The component (A) and (B) are respectively to be suitble to the form applied together with another component to provide.
In order to avoid query, all embodiments and special characteristic described in first aspect present invention to the third aspect (and combinations thereof) it is also applied for the fourth aspect of the present invention and the 5th aspect.
It should be understood to the one skilled in the art that more part kits as described herein may include more than one preparation comprising appropriate Amount/dosage the compounds of this invention and/or more than one preparation comprising the one or more energy of appropriate amount/dosage Other therapeutic agents of acetaminophen toxicity are treated or prevented, enough so as to repeat administration.Preparation if there is more than one (includes Any reactive compound), these preparations can be identical, or the dosage in any compound, chemical composition And/or it can be different in terms of physical form.
As for more part kits as described herein, " with ... (administration in is applied together Conjunction with) " (and similar " with ... (administered in conjunction is applied together It with include) ") comprising the compounds of this invention and one or more other treatments that can treat or prevent acetaminophen toxicity The corresponding preparations of agent as same medical intervention a part of continuous administration, respectively apply or be administered simultaneously.

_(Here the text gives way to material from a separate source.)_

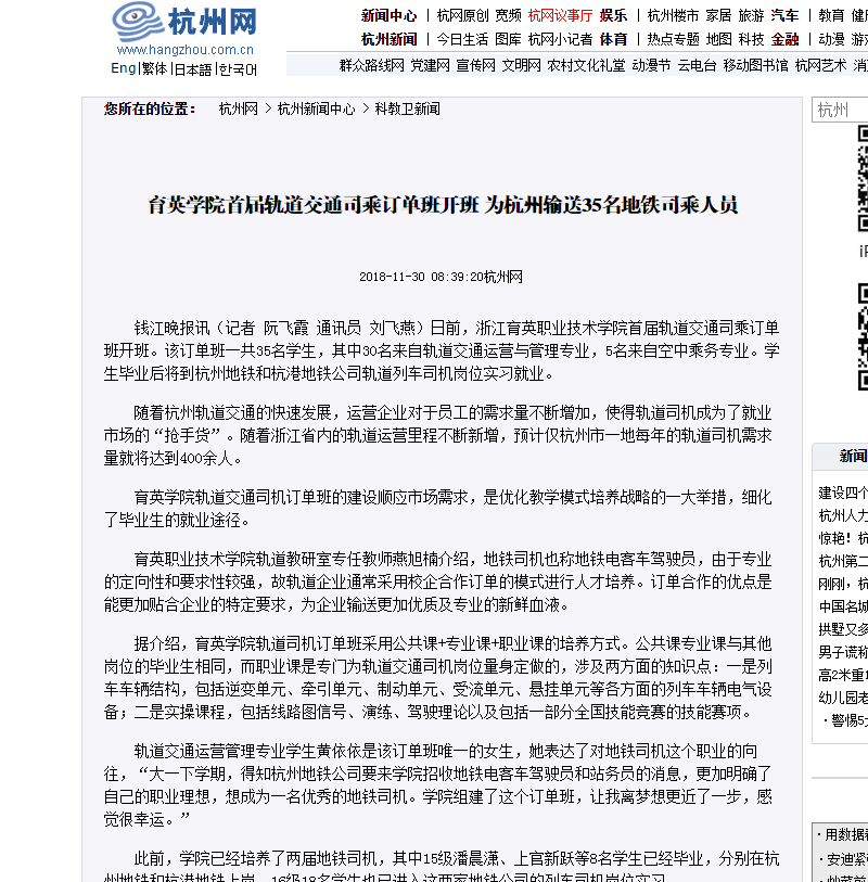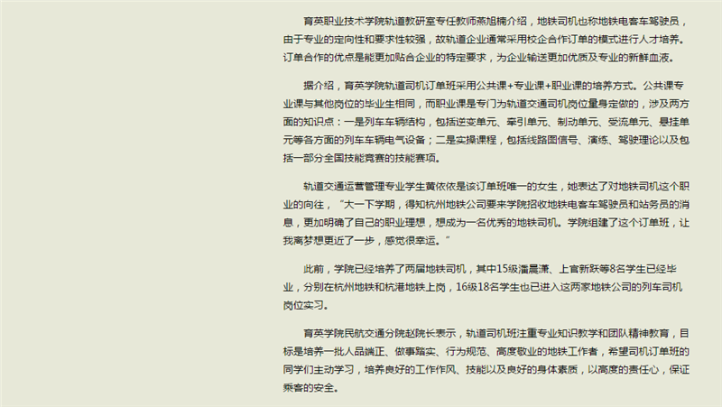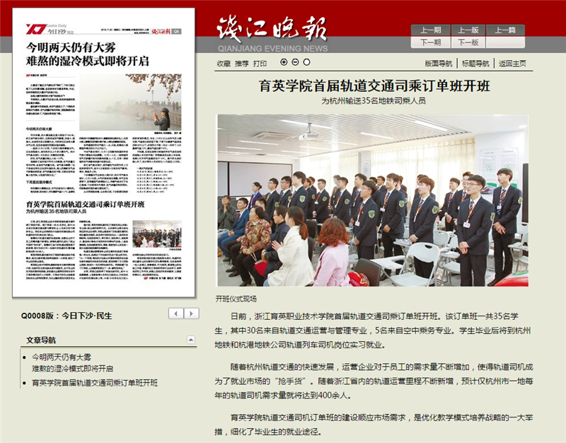 【钱江晚报】育英学院首届轨道交通司乘订单班开班

Therefore, term related to the present invention " with ... apply (administration in conjunction together With) " (and similar " with ... apply (administered in conjunction with) together ") it include two kinds of work Property ingredient (i.e. the compounds of this invention and one or more other therapeutic agents that can treat or prevent acetaminophen toxicity) it is same When application or in time close enough apply (optionally repeatedly), to make it possible to bring beneficial effect for patient, The beneficial effect treat it is conditions associated during than in the identical course for the treatment of in the case where lacking another component it is independent Apply the preparation of (optionally repeatedly) comprising the compounds of this invention or its pharmaceutically acceptable salt or comprising a kind of or more The preparation for other therapeutic agents that kind can treat or prevent acetaminophen toxicity is bigger.A kind of combine is treating or preventing correlation-like It can routinely be determined by technical staff during condition whether the conditions associated aspect for the treatment of or prevention can provide bigger beneficial effect.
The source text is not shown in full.